• What the task asks:
As soon as the line containing "한민일보 서울포커스 김서윤" appears, start repeating lines exactly and continue to the end of the entries; please skip pictures.

*** Task data Section Begins ***

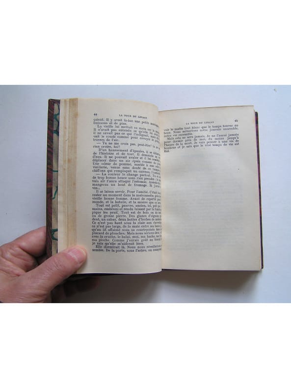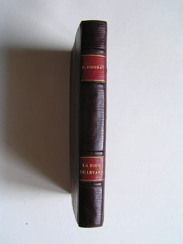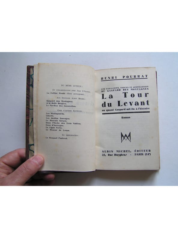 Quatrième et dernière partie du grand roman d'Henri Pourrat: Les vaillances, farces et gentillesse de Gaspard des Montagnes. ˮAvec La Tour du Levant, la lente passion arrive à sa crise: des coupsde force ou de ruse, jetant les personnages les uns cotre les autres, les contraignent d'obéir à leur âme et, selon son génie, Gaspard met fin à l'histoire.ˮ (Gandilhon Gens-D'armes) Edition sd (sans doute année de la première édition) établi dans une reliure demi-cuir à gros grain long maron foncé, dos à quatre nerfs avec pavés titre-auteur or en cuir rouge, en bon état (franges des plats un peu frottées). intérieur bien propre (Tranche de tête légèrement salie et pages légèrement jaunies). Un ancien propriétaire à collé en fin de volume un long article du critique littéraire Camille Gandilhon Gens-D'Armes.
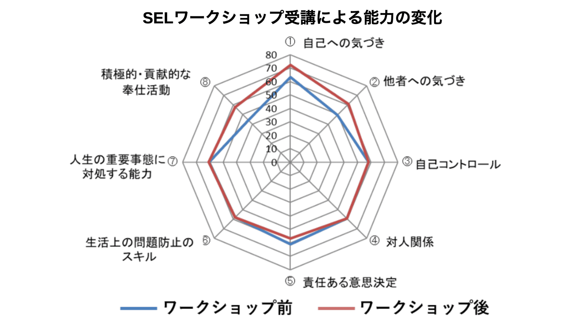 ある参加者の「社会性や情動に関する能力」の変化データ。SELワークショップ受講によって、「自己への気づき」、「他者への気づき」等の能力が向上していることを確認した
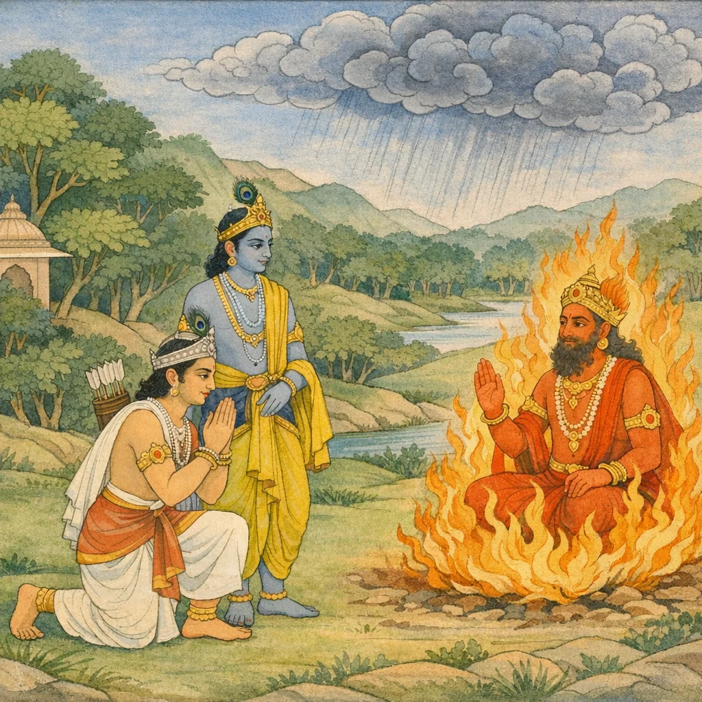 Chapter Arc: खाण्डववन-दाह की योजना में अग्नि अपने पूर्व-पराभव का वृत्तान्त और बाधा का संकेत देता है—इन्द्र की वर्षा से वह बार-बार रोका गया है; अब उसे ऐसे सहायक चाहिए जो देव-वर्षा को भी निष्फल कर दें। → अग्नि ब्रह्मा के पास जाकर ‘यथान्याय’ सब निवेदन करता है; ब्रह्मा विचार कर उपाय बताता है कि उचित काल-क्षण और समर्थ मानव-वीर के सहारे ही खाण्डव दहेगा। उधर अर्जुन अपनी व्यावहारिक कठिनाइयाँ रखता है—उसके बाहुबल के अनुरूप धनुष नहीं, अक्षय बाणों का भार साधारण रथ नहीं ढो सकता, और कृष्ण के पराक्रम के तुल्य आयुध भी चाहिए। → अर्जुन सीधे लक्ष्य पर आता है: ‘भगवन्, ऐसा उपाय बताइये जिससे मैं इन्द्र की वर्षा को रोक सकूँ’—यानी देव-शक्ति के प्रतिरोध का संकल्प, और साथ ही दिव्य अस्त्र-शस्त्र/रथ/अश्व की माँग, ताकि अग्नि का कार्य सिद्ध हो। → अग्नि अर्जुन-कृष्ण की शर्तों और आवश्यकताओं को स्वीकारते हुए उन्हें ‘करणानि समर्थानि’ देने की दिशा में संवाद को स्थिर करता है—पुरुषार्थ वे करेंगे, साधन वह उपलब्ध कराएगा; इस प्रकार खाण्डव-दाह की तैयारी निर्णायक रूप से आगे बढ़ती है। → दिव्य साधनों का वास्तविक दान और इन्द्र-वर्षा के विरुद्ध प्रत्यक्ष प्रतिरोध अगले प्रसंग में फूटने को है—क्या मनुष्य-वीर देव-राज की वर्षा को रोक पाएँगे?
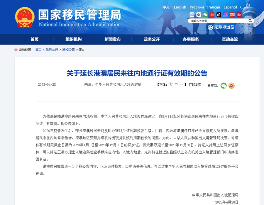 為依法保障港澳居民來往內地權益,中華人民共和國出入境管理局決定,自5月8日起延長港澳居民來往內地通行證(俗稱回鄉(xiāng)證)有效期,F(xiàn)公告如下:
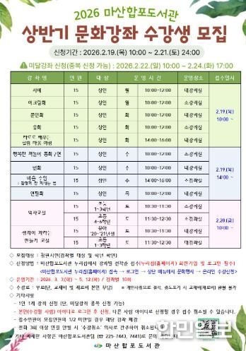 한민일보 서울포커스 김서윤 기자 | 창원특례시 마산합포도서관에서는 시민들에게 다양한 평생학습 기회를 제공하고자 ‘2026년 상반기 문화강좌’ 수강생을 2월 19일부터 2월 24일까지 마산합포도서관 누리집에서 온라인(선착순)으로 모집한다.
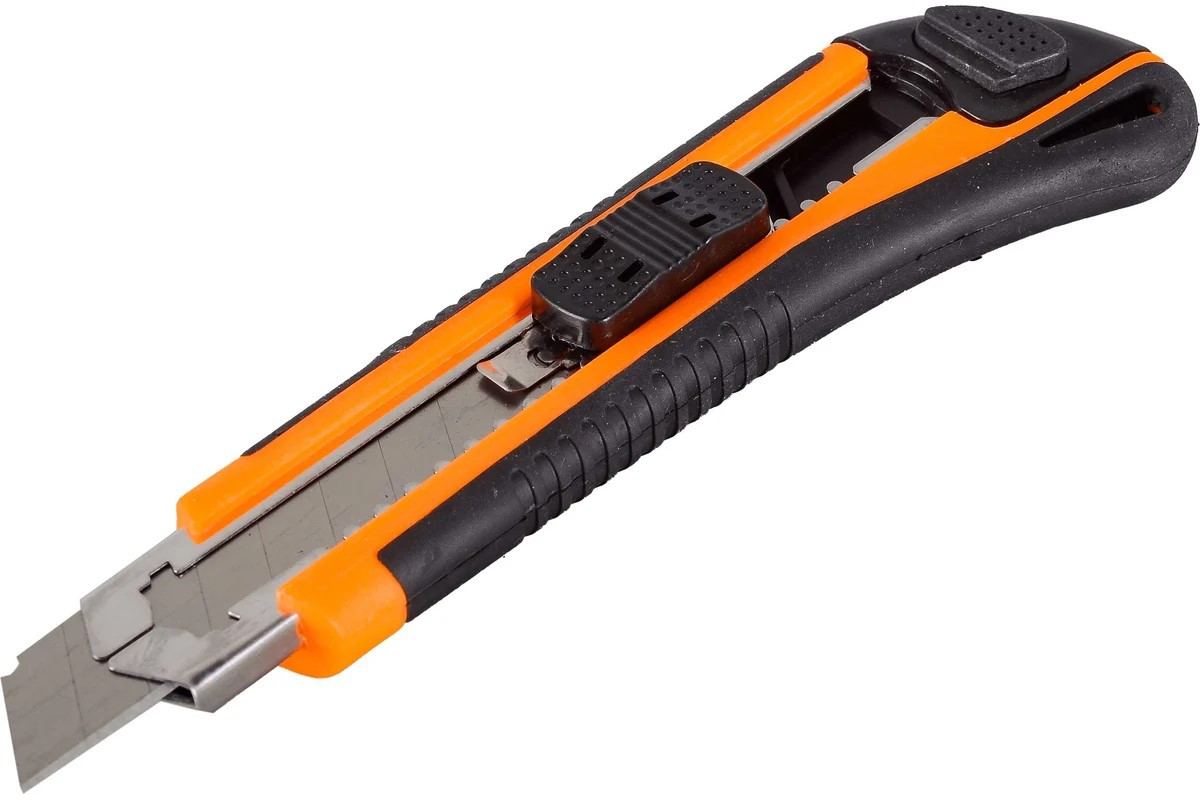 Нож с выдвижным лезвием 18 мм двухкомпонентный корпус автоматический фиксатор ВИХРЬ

*** Task data Section Ends ***

• Task response:
 한민일보 서울포커스 김서윤 기자 | 창원특례시 마산합포도서관에서는 시민들에게 다양한 평생학습 기회를 제공하고자 ‘2026년 상반기 문화강좌’ 수강생을 2월 19일부터 2월 24일까지 마산합포도서관 누리집에서 온라인(선착순)으로 모집한다.
 Нож с выдвижным лезвием 18 мм двухкомпонентный корпус автоматический фиксатор ВИХРЬ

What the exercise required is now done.